People Data Lab (PDL), a data
scraping and selling “enrichment” company, boasts that they have data on 1.5 billion people. That data, stored on an Elasticsearch server, was all breached in November. To put this in perspective, the total population of the United States is 330,130,233; PDL says they have three times the data, and it was stored in 4billion records, belonging to at least 1.2billion people, on that compromised Elasticsearch server.
Here’s what People Data Labs says about themselves:
“People Data Labs builds people data. Use our dataset of 1.5 billion unique person profiles to build products, enrich person profiles, power predictive modeling/AI, analysis, and more. We work with technical teams as their engineering focused people data partner.”

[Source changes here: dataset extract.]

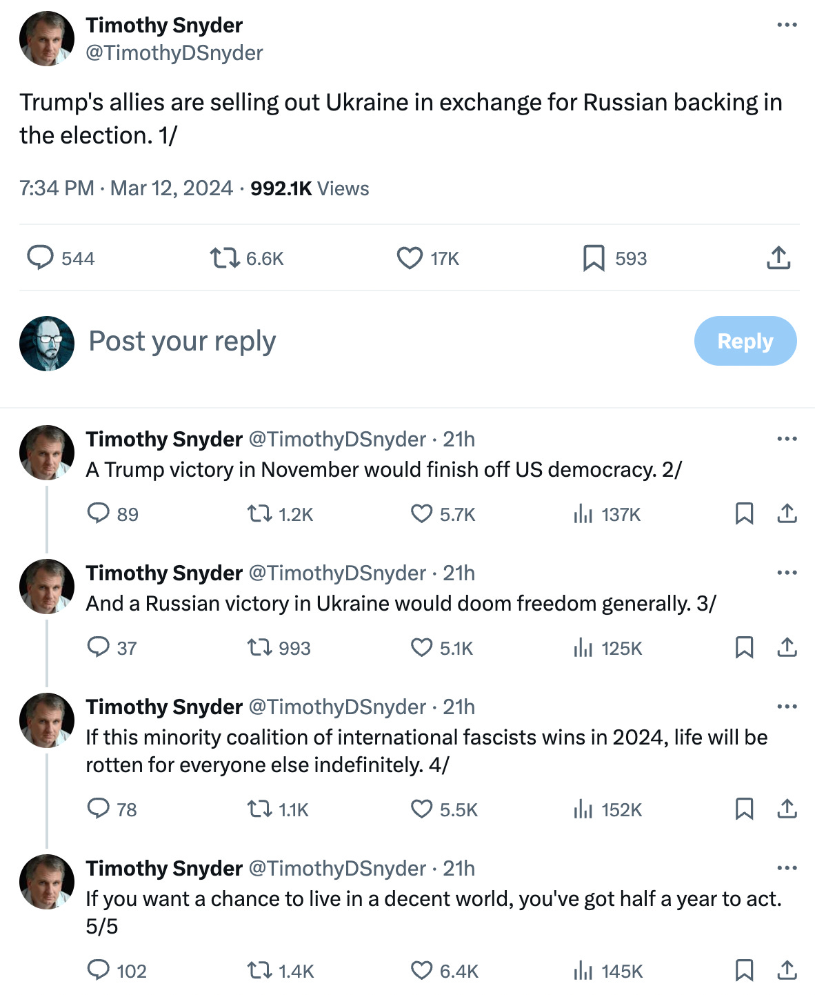 Snyder’s primary academic focus in on Russia, Ukraine, and the state of democracy in Eastern Europe broadly writ—as well as the larger question of why some democracies thrive while others fail, a topic he addresses in his bestselling 2017 book On Tyranny, published three years before my own bestselling book on Russia and Ukraine, Proof of Corruption (Macmillan)—so his commentary on how the Russia-Ukraine War will inflect the 2024 U.S. presidential election is listened to by basically everyone in D.C.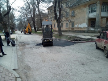 В Керчи 22 марта, по ул. Славы ремонтировали ямы, - передаёт Керчь.ФМ. Асфальтировали те выбоины, размер которых достигал нескольких метров.

And here is what they have and will sell to anyone who pays them, according to them:
- Over 1.5 Billion unique people, including close to 260 million in the US.
- Over 1 billion personal email addresses. Work email for 70%+ decision makers in the US, UK, and Canada.
- Over 420 million linkedin urls
- Over 1 billion facebook urls and ids.
- 400 million+ phone numbers. 200 million+ US-based valid cell phone numbers.
This data was found on an Elasticsearch server. Elasticsearch allows you to “store, search, and analyze” data. The Elasticsearch server, with those 4billion records, and all that data, was completely open and unsecured – no password or other authentication was needed to access all of that data.
HaveIBeenPwned Notification of PDL and Elasticsearch Breach
All of this was discovered by security researcher Vinny Troia, over at Data Viper. According to Troia, “The discovered Elasticsearch server containing all of the information was unprotected and accessible via web browser at http://126.96.36.199:9200. No password or authentication of any kind was needed to access or download all of the data.”
To further complicate things, the Elasticsearch server was set up in the Google cloud.
But wait, there’s more. Because Troia discovered the data of a second “data enrichment” company on that same Elasticsearch server. That company is OxyData.io, who offers “In-Depth Data on People and Companies”, boasting “Finally, an easy way to get business data whenever you need it.”
Now, here is where it gets even more interesting. Both PDL and OxyData deny ownership of the server. That means, as Troia deduces, that either the data was stolen from both companies and stashed on the Elasticsearch server, or a customer of one or both companies misappropriated it, and stored it on the Elasticsearch server, completely unprotected.
So, where does the liability rest for this breach? PDL? They say it isn’t their server, and that they didn’t put their data there. Ditto Oxydata. Is Elasticsearch responsible? Google for hosting the Elasticsearch server?
We’ll probably never know, and it’s likely that, at the end of the day, nobody will be held accountable. And this is why lawmakers have introduced the Federal Online Privacy Act (finally), and why so many states have introduced their own online privacy laws in the meantime.